What really fabricated the Mustang special was what information technology represented to American motorcar buyers: new possibilities for self-expression, driving enjoyment, and freedom. Nosotros were already obsessed with the idea of the auto—whatsoever car—by this betoken, but owning a Mustang was something special. Immediately desirable upon its debut in Apr 1964, information technology invented a new class of "pony cars" that combined iv-seater practicality with the performance and image of a sports car. It was a dream automobile the whole family could bask.

"Information technology'south easily the best affair to come up out of Dearborn since the 1932 V-8 Model B roadster." —C/D, May 1964

It didn't matter much that almost Mustangs were sold with unremarkable and underpowered inline-six and V-eight engines. The mere exist­ence of an optional loftier-perform­ance 289-cubic-inch engine at the top of the lineup, along with a long list of advent and comfort extras, meant that whatever Mustang could be an aspirational vehicle.

Mustang Mania was a watershed moment for more the Ford Motor Company. It inspired crosstown rival Full general Motors to come with its own pony car. The Chevy Camaro's arrival in September 1966 kicked off a rivalry that persists to this day. Nosotros've argued over the merits of each for decades now and hope to do then for many more to come. Merely there's no denying that the Mustang started it all. —Joey Capparella

Values, market analysis, sale results, and more than on the Ford Mustang at Bring a Trailer.

1966 lamborghini miura

Charlie Magee Machine and Driver

1966 Lamborghini Miura

What started equally a side projection and marketing do ultimately gave birth to the modern supercar. Designed past Bertone'southward Marcello Gandini, the Miura is a Botticelli brushstroke brought to life on summit of clever engineering science. Its eyelashed headlights, graceful waistline, and voluptuous fenders take, for decades, seduced writers into describing its beauty in man terms. Here's what we can say without hyperbole: The Miura radiates power and speed and drama fifty-fifty when it'due south parked.
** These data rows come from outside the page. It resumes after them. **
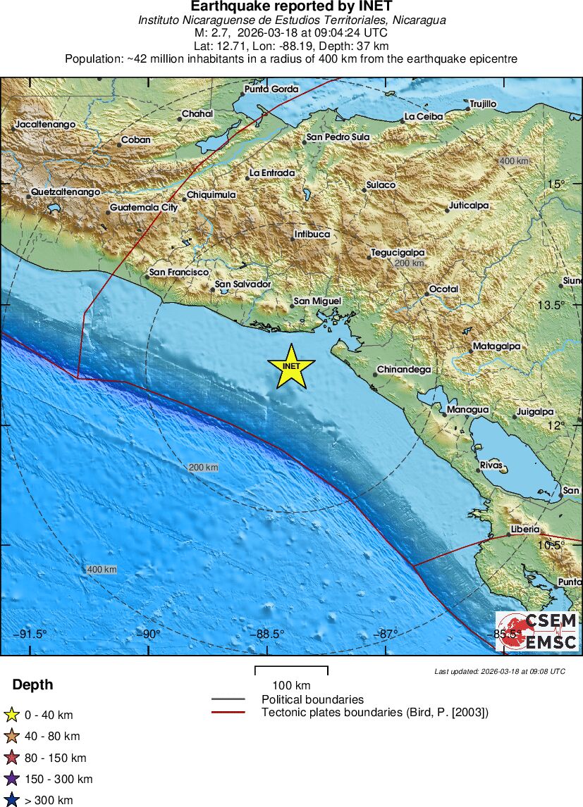 | 2.7 | 37 | 9636 | 10:04 | Link | Geringer Erdbeben - OFFSHORE EL SALVADOR - Heute |
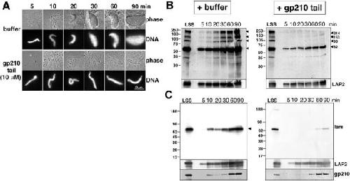 Interference with the cytoplasmic tail of gp210 disrupts "close apposition" of nuclear membranes and blocks nuclear pore dilation.
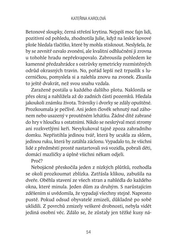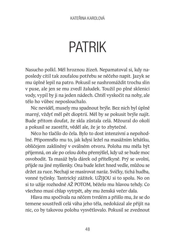 Jsou tři, i když každý sám. Probudí se na neznámém místě. Netuší kde, neví proč. Nic si nepamatují. Julie procitá na zemi v cizí koupelně. O kus dál se probouzí Viktor. Patrika ze spánku vytrhne bolest a stejně jako ostatní tápe s naprostou marností v zamlžených vzpomínkách. Nedokáže promluvit a...

A claimed top speed of 174 mph made it the fastest production car at the fourth dimension. By transversely mounting the 345-hp Five-12—with the gearbox integrated with the oil sump—behind the motel, Lamborghini could go along the wheelbase shorter than if the engine were up front, instilling in the Miura an athleticism to lucifer its looks.

This car has defined more than simply Lamborghini; information technology introduced the concept of a mid-engine two-seater that combines forward-looking design and raw power. It pointed the style for every supercar since, and traces of its DNA can be found in everything from modern Ferraris to Corvettes. A remarkably impressive feat for a car with a production run of just 763. —Roberto Baldwin

Values, market assay, sale results, and more than on the Lamborghini Miura at Bring a Trailer.

1968 BMW 2002

Only you tin read all about this one in the David Eastward. Davis Jr. classic, "Turn Your Hymnals to 2002."